Despite typology of the disease, clinical manifestations are virtually identical in any of its variants. Such conditions include recurrent episodes self-limited in time of facial edema that affects subcutaneous tissue, viscera, mucous of gastrointestinal and upper airways [10] with high variability of symptoms. The severity depends on the degree of affectation and location of the edema. Usually cutaneous angioedema is not painful, not associated to urticaria, whitish and not red as described in this teenager. Other symptoms that can appear are edema of glottis and/or pharynx, dyspnea, dysphagia, abdominal distention, vomiting, diarrhea, and constipation, so far our patient has not had digestive symptoms. Certain circumstances such as stress, infectious procedures, surgery, intubation, invasive dental procedures [11], trigger acute outbreaks, so we can consider that the fever conditioned the exacerbation of the outbreak of the young man.

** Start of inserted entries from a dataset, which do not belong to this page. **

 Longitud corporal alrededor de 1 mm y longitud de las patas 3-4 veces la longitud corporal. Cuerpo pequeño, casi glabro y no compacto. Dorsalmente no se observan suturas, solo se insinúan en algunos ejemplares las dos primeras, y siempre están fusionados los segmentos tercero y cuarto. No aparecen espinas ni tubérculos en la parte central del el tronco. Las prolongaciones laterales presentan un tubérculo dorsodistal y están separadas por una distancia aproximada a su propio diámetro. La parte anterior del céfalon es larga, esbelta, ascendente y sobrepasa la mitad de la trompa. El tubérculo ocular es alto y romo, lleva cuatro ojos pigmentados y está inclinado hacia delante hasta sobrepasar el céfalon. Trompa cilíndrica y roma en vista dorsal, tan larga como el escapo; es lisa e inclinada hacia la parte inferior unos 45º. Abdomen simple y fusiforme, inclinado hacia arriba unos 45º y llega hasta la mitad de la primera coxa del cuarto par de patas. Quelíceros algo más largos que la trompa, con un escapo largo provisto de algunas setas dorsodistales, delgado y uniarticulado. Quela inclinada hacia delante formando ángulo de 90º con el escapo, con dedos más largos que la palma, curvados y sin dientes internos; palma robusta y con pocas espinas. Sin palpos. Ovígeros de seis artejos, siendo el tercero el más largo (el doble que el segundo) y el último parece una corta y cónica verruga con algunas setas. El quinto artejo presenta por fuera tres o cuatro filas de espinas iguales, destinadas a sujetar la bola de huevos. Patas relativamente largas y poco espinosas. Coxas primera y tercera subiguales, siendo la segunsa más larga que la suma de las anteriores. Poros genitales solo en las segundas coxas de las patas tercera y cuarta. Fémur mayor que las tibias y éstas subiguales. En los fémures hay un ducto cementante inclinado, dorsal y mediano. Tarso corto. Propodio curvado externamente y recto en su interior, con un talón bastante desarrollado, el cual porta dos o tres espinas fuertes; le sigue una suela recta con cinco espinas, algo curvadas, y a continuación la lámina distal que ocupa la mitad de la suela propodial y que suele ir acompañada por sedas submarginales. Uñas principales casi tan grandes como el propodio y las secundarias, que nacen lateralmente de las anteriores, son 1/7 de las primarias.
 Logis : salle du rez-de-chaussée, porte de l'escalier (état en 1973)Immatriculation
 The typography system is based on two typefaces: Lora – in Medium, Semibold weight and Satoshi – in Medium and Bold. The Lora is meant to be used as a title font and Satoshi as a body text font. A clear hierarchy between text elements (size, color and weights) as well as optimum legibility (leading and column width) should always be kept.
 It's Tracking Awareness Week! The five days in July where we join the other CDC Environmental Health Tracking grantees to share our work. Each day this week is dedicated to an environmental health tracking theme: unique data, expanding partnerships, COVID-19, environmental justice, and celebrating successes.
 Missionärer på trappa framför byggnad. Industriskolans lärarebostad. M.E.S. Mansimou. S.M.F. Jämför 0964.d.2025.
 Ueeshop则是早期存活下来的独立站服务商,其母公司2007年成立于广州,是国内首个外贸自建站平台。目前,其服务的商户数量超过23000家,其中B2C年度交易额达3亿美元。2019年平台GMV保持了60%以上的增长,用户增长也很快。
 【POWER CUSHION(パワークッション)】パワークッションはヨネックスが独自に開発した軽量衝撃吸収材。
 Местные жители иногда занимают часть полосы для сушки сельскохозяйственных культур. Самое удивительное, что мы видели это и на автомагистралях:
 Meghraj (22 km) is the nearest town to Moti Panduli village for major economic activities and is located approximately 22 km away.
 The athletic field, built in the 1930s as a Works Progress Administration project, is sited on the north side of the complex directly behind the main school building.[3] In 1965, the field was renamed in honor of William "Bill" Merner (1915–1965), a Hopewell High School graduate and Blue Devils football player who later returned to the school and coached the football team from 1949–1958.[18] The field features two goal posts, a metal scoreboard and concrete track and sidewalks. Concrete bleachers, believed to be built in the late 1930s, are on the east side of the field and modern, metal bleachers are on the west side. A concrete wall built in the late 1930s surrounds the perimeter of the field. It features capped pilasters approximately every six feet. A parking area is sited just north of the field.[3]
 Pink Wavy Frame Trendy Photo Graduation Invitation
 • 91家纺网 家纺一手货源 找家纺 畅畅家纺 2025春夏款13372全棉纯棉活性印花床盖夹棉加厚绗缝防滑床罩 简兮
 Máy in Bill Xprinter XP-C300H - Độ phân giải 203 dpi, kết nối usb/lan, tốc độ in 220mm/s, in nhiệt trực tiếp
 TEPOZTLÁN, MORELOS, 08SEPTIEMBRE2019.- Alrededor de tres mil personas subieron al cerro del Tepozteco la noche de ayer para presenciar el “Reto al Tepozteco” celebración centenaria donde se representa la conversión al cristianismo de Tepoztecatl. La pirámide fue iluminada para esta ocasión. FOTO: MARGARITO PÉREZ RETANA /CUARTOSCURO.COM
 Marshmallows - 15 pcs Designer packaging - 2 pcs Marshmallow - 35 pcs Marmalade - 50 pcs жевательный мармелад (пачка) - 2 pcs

Hereditary angioedema should be suspected in recurring events of subcutaneous angioedema without urticaria, repeated episodes of self-limited abdominal pain or non-anaphylactic laryngeal edema. The diagnosis of the disease is confirmed by the serum complement levels [8],[12] like in our case, screening is easy:
The onset of the clinical manifestations can be at any age although it is mostly found in childhood and adolescence [4], as the case of our patient starting symptoms at 11 years of age. He had C1 inh 3.6 times under reference values and C4 four times below. These data confirm the diagnosis of hereditary angioedema type I.
To prevent complications it is important to start early treatment. The purposes of prophylactic and acute treatment are to reduce intensity of edemas, avoid mortality and avoid negative emotional impact [13], objectives achieved so far in this case passing from 15 episodes in a year to three episodes after stating treatment. This treatment includes:
We are facing a disease which, even though 75% of the patients have their first outbreak before they are 15 years old, it takes up to 8 [14] and 15 [3] years to diagnose. This has a particular importance because at the present mortality from hereditary angioedema drastically reduces once diagnosed and correct treatment is started.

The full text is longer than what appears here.